Right now, my RA is being treated with two forms of chemotherapy: an oral dose that I take once a week, and two doses via infusion (IV) every six months. This treatment plan is currently working well, giving me the confidence to take on a big physical goal like riding in the CCC. However, the medication I currently take via infusion is the fourth biologic medication I have tried - and I know from past experience that there's no guarantee it will continue working for me in the future. That's why it's so important to me to support the Arthritis Foundation as they work to fund research and resources for adults and children living with arthritis.  

Yesterday I took my brand new road bike on its maiden voyage! (Wearing my husband's jacket from the 2015 CCC!) Things I learned today: I have basically no idea what I'm doing with the gears, traffic circles are mildly terrifying on a bike, and (perhaps TMI) bike saddles are hard. (The veteran riders assure me that this will get better as my bottom, ahem, gets used to it). I only rode 7.3 miles, so I have a long way to go in my training, but it's a start!

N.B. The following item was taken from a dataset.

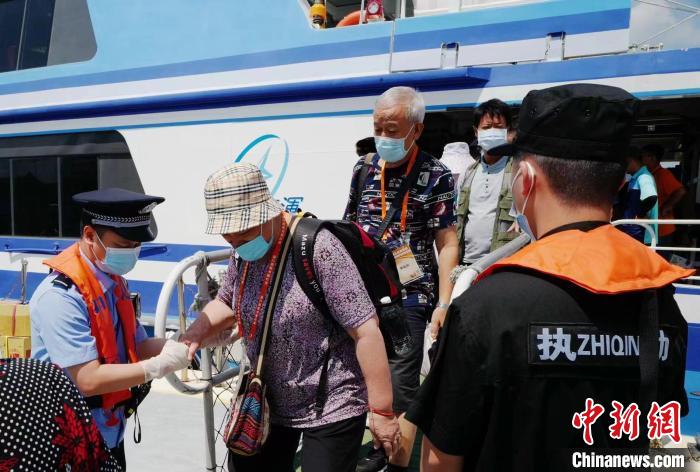9月22日,福州出入境邊防檢查站民警在靠岸客輪梯口服務(wù)臺胞下船上岸?!钴?攝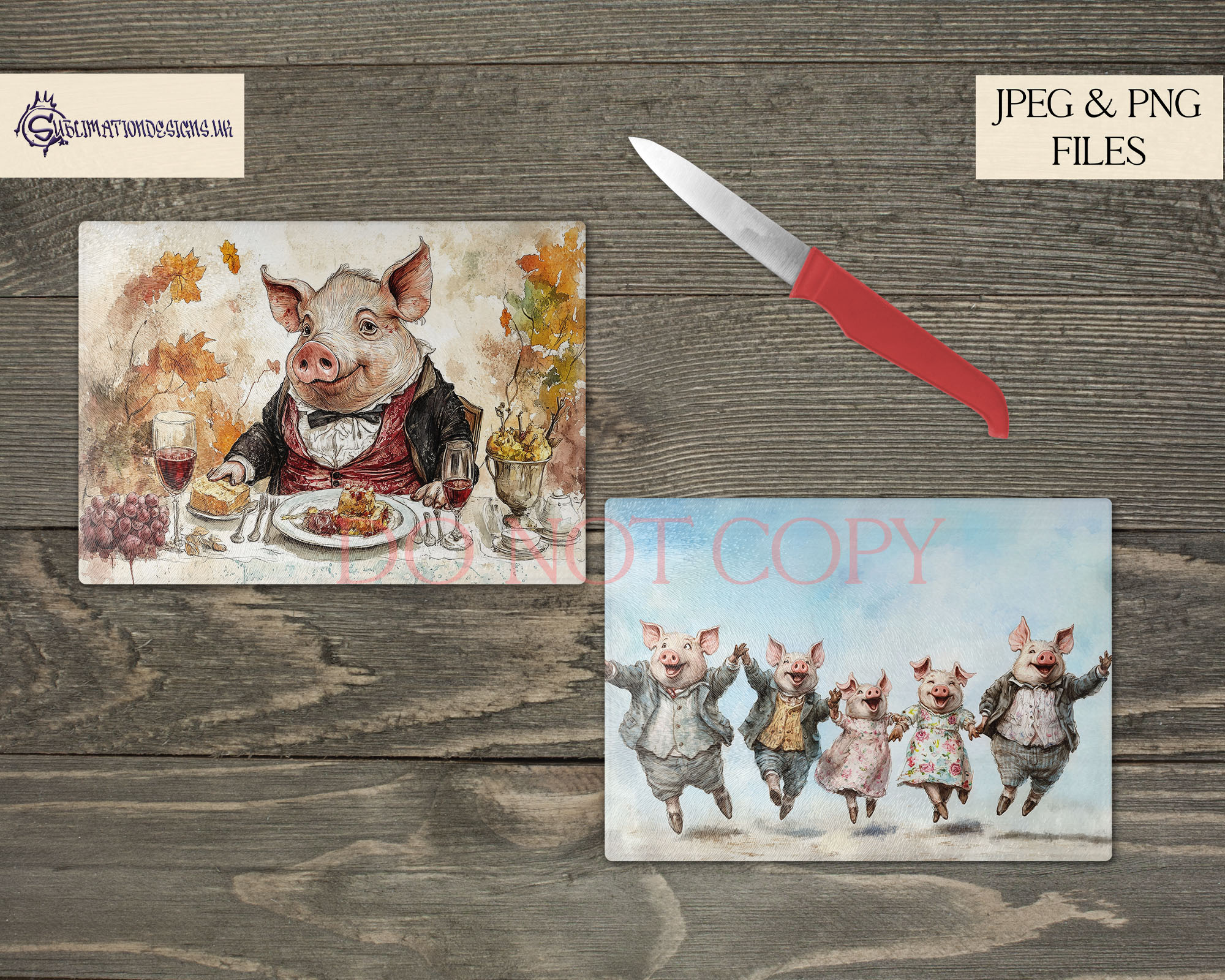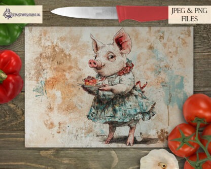 The Vintage Pig-Themed Chopping Board Set – Set of 6 is an instant download, making it quick and easy to create delightful and quirky products with vintage charm.

As you think about your charitable contributions for 2016, I'd like to request that you please consider supporting my efforts. Even if all you can contribute is the cost of a latte, I promise that every little bit will help me reach my goal - and I will be extremely grateful for your support! 

Monday, February 22, 2016

HealthMonitor's Guide to RA: "How we make every day easier!"

After having several friends report seeing my picture in their doctor's waiting room, I finally got to see a copy of the HealthMonitor Guide to RA article! 

Aside from being entertained by a full page picture of my family in a magazine (hahaha look how BALD the baby was!!) I'm quite delighted to see a publication addressing the issue of RA & motherhood so openly!  

Join the Movement – Fight to Address Key Policy Issues

When it comes to healthcare policy, patients are experts because they have first-hand experience of what it is like to live with chronic illnesses. Taking part in advocacy efforts can be as simple as sending an email.

Friday, February 19, 2016

Facing Forward: Kristin Joy

Facing Forward is a series that shares the lives of people living with arthritis and other invisible chronic illnesses. The goal of the series is to see how we are similar and how we are different - and to remind us to keep moving forward because we aren't alone!

Name: Kristin Joy
Location: Va Beach, VA
Diagnosis: Rheumatoid Arthritis, Hypothyroidism, Celiac's Disease, and Degenerative Disc Disease in my neck
Age at Diagnosis: RA at 27; other diagnoses at 43

How are you currently treating your condition?
As far as RA treatments go, I've been through a few over the last 16 years (Enbrel, Methotrexate, Simponi, Xeljanz). Right now we're trying Actemra injections along with Arava. Regardless of the number of injections I've given myself or how often I have my labs drawn, I still don't like needles!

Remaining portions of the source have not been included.